§ **TASK PROMPT**
Print, exactly as they appear in the listing below, the lines from the line with "our thief away." to the line with "4、在注销账号提示页面,仔细", with both end lines kept.

§ **PROVIDED RECORDS**

────

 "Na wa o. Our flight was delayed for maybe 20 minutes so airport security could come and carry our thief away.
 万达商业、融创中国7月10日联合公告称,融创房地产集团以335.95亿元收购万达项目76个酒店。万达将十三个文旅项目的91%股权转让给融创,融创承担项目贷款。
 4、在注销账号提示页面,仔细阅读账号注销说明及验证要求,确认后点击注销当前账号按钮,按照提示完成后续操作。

────

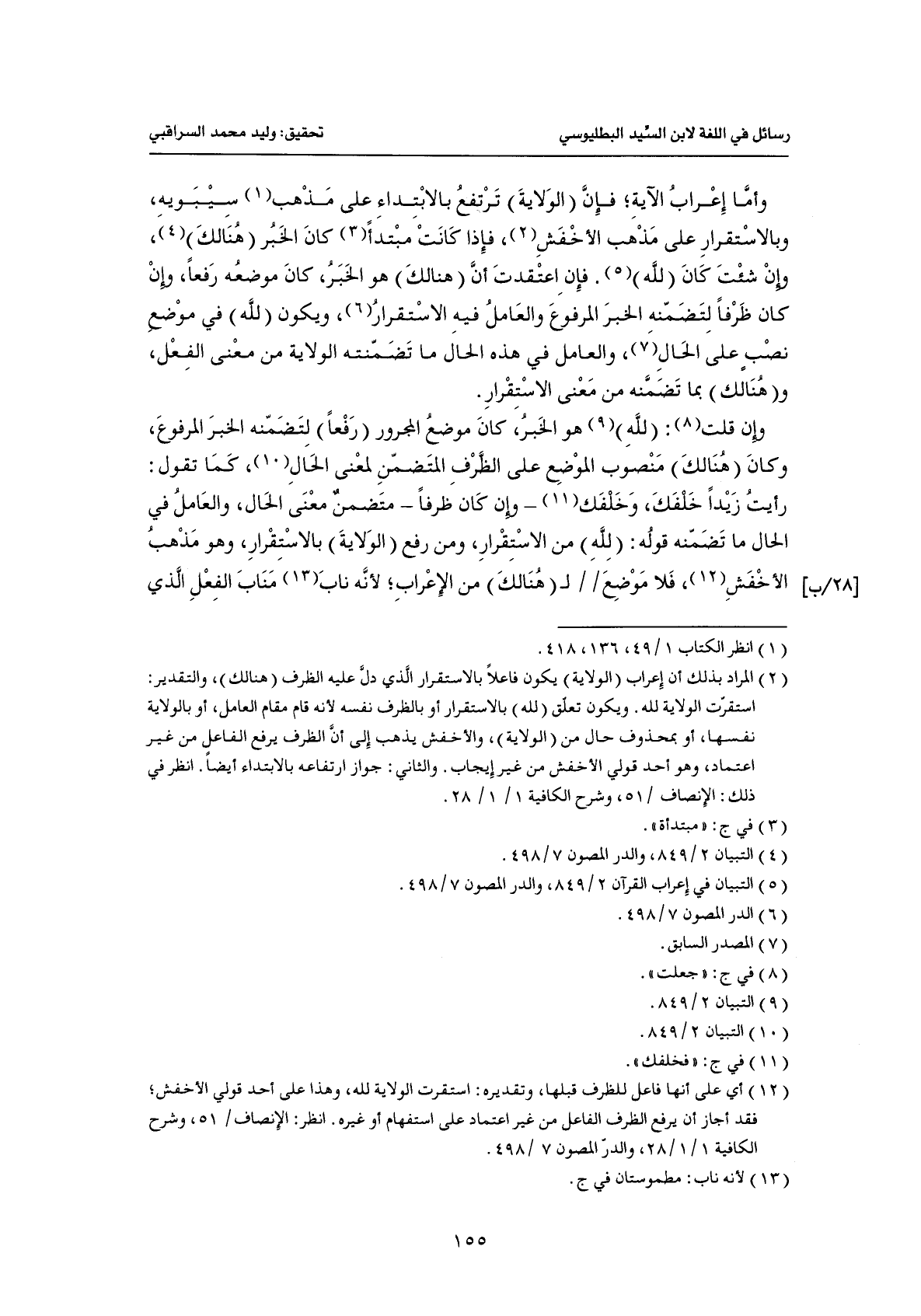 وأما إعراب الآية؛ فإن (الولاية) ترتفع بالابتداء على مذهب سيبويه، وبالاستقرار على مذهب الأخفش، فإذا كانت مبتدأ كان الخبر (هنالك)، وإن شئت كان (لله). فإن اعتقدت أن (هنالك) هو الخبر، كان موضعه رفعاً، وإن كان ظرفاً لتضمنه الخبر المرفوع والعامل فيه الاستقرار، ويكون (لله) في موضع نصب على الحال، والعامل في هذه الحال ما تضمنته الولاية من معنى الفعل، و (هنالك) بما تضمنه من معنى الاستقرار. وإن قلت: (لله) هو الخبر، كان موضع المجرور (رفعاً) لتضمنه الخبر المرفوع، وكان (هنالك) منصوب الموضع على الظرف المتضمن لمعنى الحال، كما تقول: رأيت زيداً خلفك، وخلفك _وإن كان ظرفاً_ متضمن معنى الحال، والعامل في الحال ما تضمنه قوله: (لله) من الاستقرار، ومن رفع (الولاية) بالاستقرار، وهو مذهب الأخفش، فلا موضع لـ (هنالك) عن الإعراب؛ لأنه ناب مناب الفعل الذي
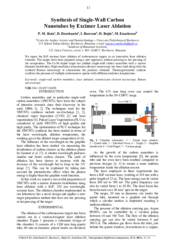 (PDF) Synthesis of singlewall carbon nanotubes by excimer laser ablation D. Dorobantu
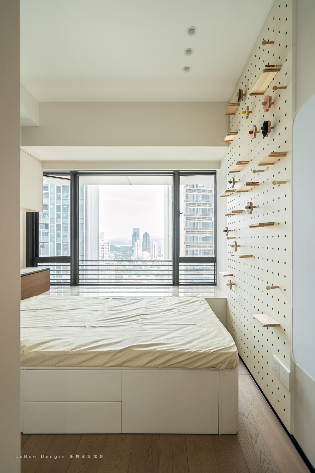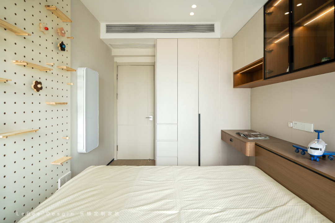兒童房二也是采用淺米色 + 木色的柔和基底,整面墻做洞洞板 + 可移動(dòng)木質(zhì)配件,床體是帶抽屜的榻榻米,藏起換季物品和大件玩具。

────

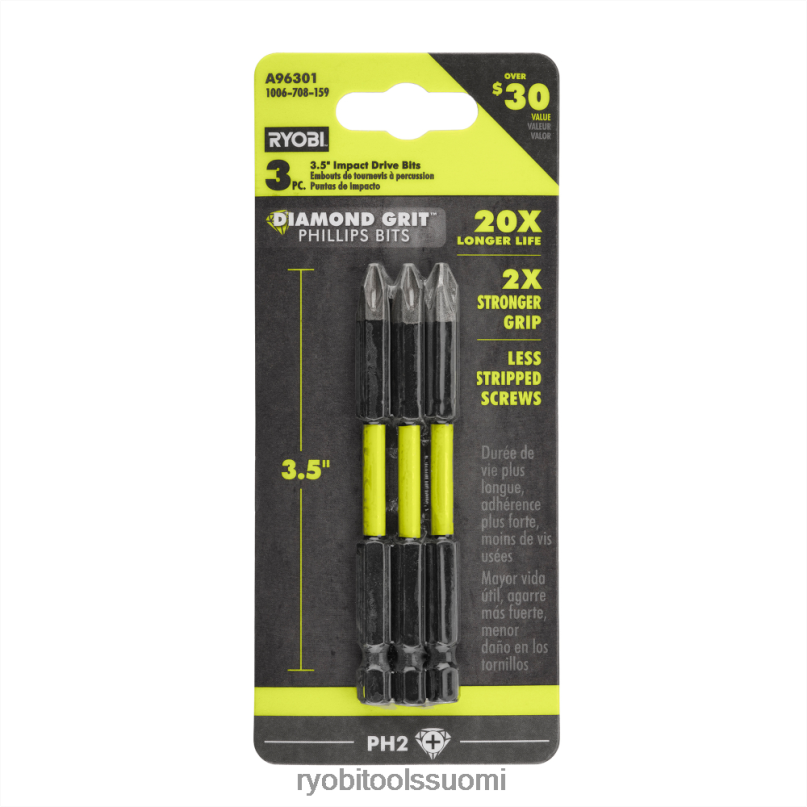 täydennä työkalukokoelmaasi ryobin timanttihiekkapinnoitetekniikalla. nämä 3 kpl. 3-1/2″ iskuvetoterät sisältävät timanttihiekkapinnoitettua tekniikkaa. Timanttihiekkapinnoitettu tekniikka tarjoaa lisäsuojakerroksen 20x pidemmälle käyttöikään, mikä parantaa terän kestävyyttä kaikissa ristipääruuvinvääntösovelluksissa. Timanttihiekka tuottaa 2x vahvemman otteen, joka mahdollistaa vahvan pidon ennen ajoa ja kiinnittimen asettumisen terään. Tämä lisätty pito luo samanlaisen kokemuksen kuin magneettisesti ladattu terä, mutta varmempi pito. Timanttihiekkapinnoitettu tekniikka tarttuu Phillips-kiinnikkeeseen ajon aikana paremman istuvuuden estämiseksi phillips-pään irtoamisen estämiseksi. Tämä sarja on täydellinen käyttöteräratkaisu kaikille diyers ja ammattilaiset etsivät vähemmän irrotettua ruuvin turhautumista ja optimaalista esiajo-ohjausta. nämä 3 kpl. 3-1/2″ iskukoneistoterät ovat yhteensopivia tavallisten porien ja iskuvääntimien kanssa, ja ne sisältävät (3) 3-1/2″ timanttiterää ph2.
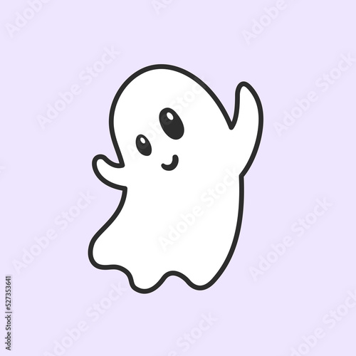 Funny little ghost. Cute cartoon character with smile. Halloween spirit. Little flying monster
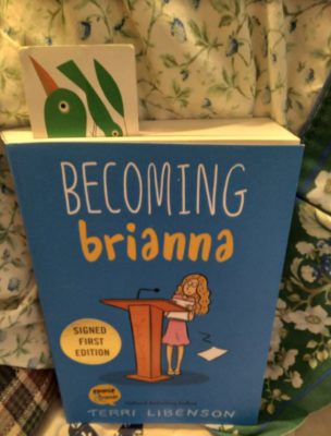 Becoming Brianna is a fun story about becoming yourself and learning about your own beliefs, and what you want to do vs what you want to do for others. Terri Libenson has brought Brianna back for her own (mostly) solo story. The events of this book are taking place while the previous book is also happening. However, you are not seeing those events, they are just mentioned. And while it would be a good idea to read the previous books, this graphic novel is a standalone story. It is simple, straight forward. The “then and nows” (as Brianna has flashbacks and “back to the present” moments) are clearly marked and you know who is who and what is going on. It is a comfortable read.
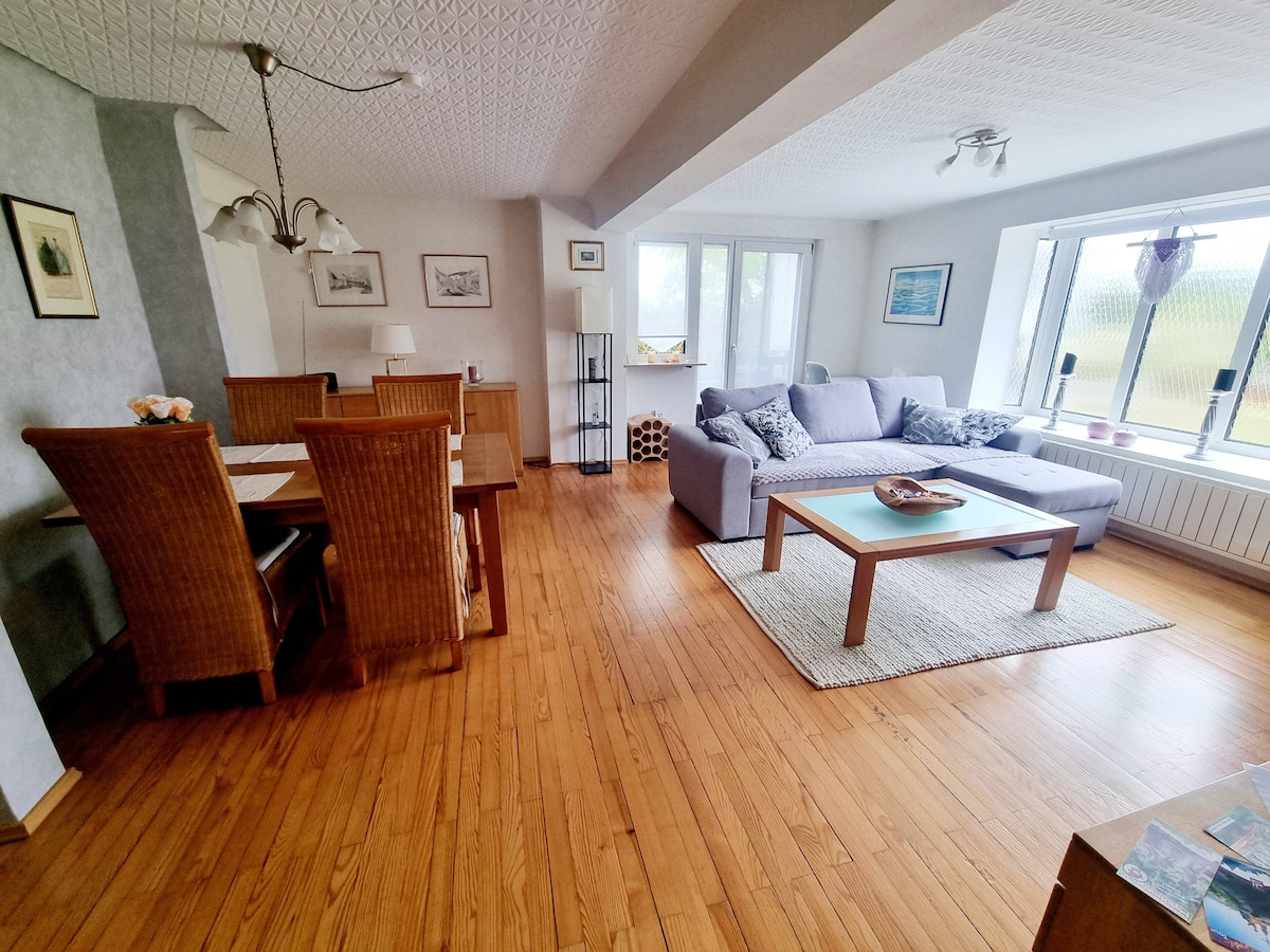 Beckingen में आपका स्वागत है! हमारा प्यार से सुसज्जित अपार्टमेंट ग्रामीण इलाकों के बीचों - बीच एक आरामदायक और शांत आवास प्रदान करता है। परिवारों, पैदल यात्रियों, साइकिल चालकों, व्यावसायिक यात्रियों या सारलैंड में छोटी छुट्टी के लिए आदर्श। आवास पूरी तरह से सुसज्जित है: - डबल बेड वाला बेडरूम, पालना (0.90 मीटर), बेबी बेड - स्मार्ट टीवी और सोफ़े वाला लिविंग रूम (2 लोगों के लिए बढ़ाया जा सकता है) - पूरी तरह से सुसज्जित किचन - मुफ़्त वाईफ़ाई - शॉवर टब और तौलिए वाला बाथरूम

────

§ **EXERCISE RESPONSE**
 "Na wa o. Our flight was delayed for maybe 20 minutes so airport security could come and carry our thief away.
 万达商业、融创中国7月10日联合公告称,融创房地产集团以335.95亿元收购万达项目76个酒店。万达将十三个文旅项目的91%股权转让给融创,融创承担项目贷款。
 4、在注销账号提示页面,仔细阅读账号注销说明及验证要求,确认后点击注销当前账号按钮,按照提示完成后续操作。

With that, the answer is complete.